Our relationship with technology is becoming more intimate as machines change from passive tools into active assistants that amplify our innate human abilities.

This new era poses both a challenge and an opportunity for the Middle East.

The challenge is that leaders in this new field, like OpenAI’s ChatGPT and Google’s Gemini, come from Silicon Valley, or from China, where my team at 01.AI has built models that rival the Americans. In Europe, too, startups such as France’s Mistral have entered the race.

The opportunity is for the Middle East to join this league and make sure its voice is heard.

Inspired by my latest trip to Riyadh, I decided to test how the current crop of AI models would handle a simple request. I imagined myself as a young Saudi getting ready to host a dinner party and asked ChatGPT to prepare a menu.

The food it recommended sounded delicious — stuffed grape leaves, tabouleh salad, mandi and stuffed dates. But the beverages were a problem.

Aside from drinks such as mint lemonade and jallab, a mixture of dates, grape molasses and rose water, ChatGPT also offered this: “For alcoholic beverages, you could offer a selection of international wines, beers, or non-alcoholic mocktails.”

To its credit, when I repeated the question, it offered only non-alcoholic drinks.

If a model recommends breaking both the law and cultural norms, imagine how it might answer other more sensitive questions about politics or religion? Indeed, researchers have even shown that some models have exhibited an anti-Muslim bias.
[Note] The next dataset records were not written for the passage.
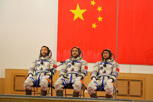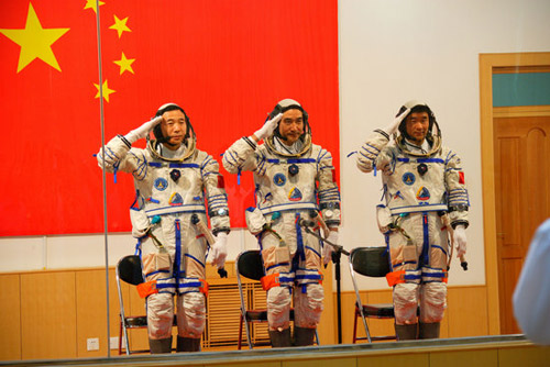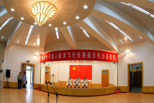 9月25日下午,问天阁接见厅,神舟七号航天员等待中央领导接见后出征。
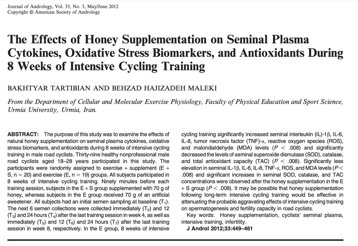Raw honey improves male fertility. Chronic exhaustive exercise can: • Worsen sperm quality • Lower sperm count • Induce seminal inflammation + oxidative stress yet, consuming HONEY with it blunts these effects.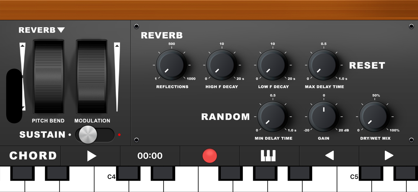 • 专业效果链:使用混响(高/低衰减、反射)、延迟(反馈、时间)、压缩器(阈值、起音)、合唱(人声、深度)、镶边(延迟、反馈)、移相器(极点、中心频率)和峰值限制器进行增强——所有效果器均可在 AUv3 模式下实现自动化。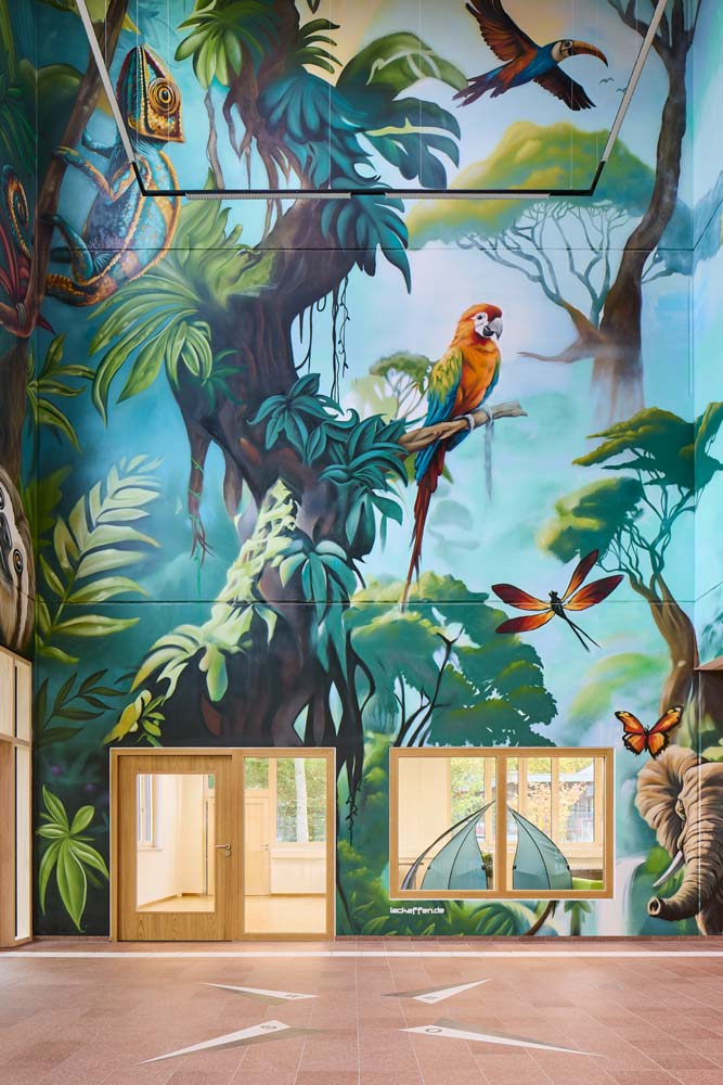 Erschlossen wird das Gebäude aus Richtung der Frankampstraße über ein großzügiges Foyer mit dreigeschossigem Luftraum, dessen Wände von den Graffitikünstlern „Lackaffen“ gestaltet wurden. Die nur über eine Faltwand getrennte Mensa gliedert sich direkt an das Foyer an, unterstützt die großzügige Wirkung des Eingangsbereichs und kann separat, aber auch in Kombination mit dem Foyer genutzt werden. Ergänzend werden im Erdgeschoss eine Bibliothek, Nebenräume und der Verwaltungstrakt verortet.

My modest test underlines the urgent need to develop an Arabic large language model that reflects local values.

The first step to building this is creating enough high-quality Arabic digitized data to properly train a new generation of models.

Although there are 400 million Arabic speakers, only an estimated 2 percent of online content is in Arabic. Meta’s open source LLM model Llama is overwhelmingly trained on English data, with Arabic comprising less than 0.1 percent of the data.

The lack of data naturally skews the results. To fix this dearth of data, either a visionary entrepreneur or a government-backed organization should collect, digitize and convert the many Arabic books into training data for Arabic models.

Once the data is gathered, it can be fed into the breakthrough pre-training process, which reads trillions of words and creates its own virtual concept space or model of the world. This concept space has been shown to be mostly in English and Chinese.

Adding a sizable number of texts in Arabic, which has enormous cultural output and significance, will make the concept space more knowledgeable about Arabic and more balanced in its concepts and views.

After such pre-training, the model needs to be fine-tuned by data and labels from the Arab world, which will align with the values of the region. Those are different from American models, which are aligned to US values, and Chinese models, which reflect Chinese values.

The collection of alignment data, the coordination of human labeling and the alignment process will need to be done in-region by AI experts.

A new Arabic-enhanced large language model could encourage entrepreneurs and developers to build new applications tailored to the needs of their nations.

Kai-fu Lee

Finally, safety modules will need to be added to ensure legal compliance and to avoid harm. These will also need to be developed locally.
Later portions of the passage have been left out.